This post is a part of a series on #Climate2019
It’s holiday season; a time for tea, hot chocolate, and staying home under the blankets. And as you watch your Hallmark movies/listen to Christmas carols/scroll through social media, you’ll likely be inundated with ads from fossil fuel companies and industry groups, each claiming to be part of a clean, green, new energy future.
ExxonMobil wants you to know it’s still investing in biofuels (still waiting for that scale up!), Chevron can’t wait to share that it installed electric vehicle charging stations at five (just five) gas stations in California, and BP really, really wants to help you lower your carbon footprint. The American Petroleum Institute (API), the oil and gas industry group behind the rollback of the Environmental Protection Agency’s (EPA) oversight of methane emissions, is pushing natural gas like it’s sliced bread and in no way responsible for the majority of methane emissions (it is).
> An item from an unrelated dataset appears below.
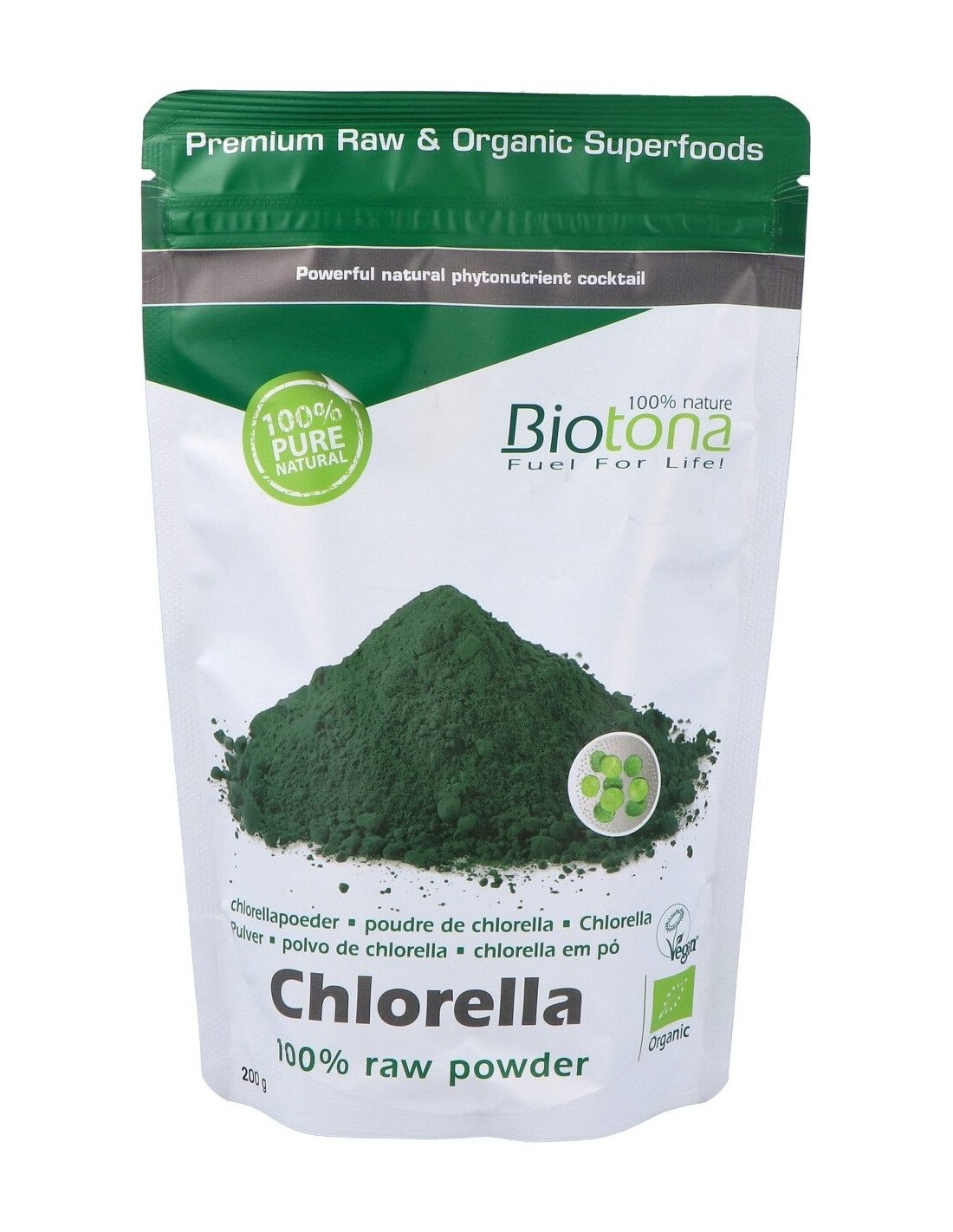 Biotona Chlorella en Polvo Raw se produce a base de algas 100% biológicas, cultivadas al aire libre y con sol intenso. Después de recogerlas, estas algas se someten a un proceso de secado superior al normal, lo cual garantiza la conservación de su valor nutricional.

Our research, however, has proven these talking points to be nothing more than window dressing, and we’ll be watching for more of it in 2020.
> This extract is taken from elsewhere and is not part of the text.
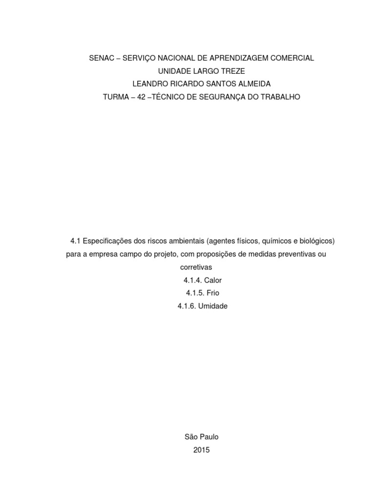 4.1 Especificaes dos riscos ambientais (agentes fsicos, qumicos e biolgicos)

But is this climate action, or just greenwashing?
It’s really just greenwashing–these companies are deliberately misleading consumers about how environmentally friendly they are. In the ever-present challenge to parse what oil and gas companies say on climate from what they do on climate, we’ve found that the major oil and gas companies are still failing to act on climate change. In fact, they’re still overwhelmingly pouring investments into pumping out fossil fuels.
ExxonMobil’s investments into low-emission research and development since 2000 ($9 billion)–a number it loves to include in every climate or sustainability report–amount to less than 2% of the money the company invested in capital and exploration ($469 billion) over the same time period.
BP, which committed $200 million in 2018 to Lightsource, a large-scale solar company, dwarfed that investment with a full $25 billion on capital and exploration in the same year. This is a lot of money to put towards keeping the status quo of fossil fuel extraction, compared with very little being put towards the low-carbon transition.
There’s also the recent effort to strip the EPA of its right to oversee methane emissions, despite several investigations showing that oil and gas companies are venting and flaring–directly releasing methane or burning it and releasing carbon dioxide–more than ever. Even though some companies have publicly opposed the rollback, the industry as a whole, through API–-which counts those opposing companies as members and leaders–-is still pushing forward and doing the dirty work.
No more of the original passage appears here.